Perovskite chromate doped with titanium for direct carbon dioxide electrolysis

Abstract

A composite cathode based on lanthanum chromate has uncovered tremendous potential for direct high temperature electrolysis. Unfortunately, a major setback of insufficient electrocatalytic activity limits the efficient carbon dioxide electrolysis. In this paper, catalytically active Ti is doped to partially replace Cr at the B-site in perovskite La_0.75Sr_0.25Cr_0.5−xFe_0.5Ti_xO_3−δ (LSCrFT, x = 0, 0.1, 0.2, 0.3, 0.4 and 0.5) to improve the polarization and electrocatalytic property of the cathode materials of the solid oxide electrolyzer.
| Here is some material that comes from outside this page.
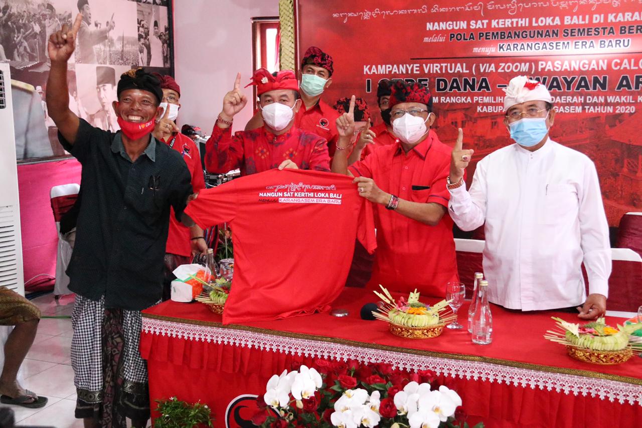 Deklarasi yang juga diikuti secara virtual oleh 30 kelompok tani, nelayan, tenun, dan UMKM di setiap kecamatan di Kabupaten Karangasem dengan menerapkan protokol kesehatan covid-19 ini dipimpin oleh Ketua Kelompok Nelayan Seraya, Kecamatan Karangasem, Made Suweca dengan menyatakan demi terlaksananya Nangun Sat Kerthi Loka Bali di Kabupaten Karangasem melalui Pola Pembangunan Semesta Berencana, menuju Karangasem Era Baru yang Pradnyan-Nadi, maka pasangan calon DANA-DIPA satu-satunya pilihan rakyat Karangasem.

The transition of the dominant mechanism from p-type conduction to n-type conduction is observed for the LSCrFT cathode with the Ti doping level at x = 0.3. The doping of Ti in LSCrFT largely improves the electrode activity and therefore reduces electrode polarization resistance. A high-temperature CO₂ electrolysis test demonstrates that the Faraday efficiencies of LSCrFT (x = 0.1) cathodes are enhanced by approximately 30% in contrast to bare LSCrF cathodes at 800 °C.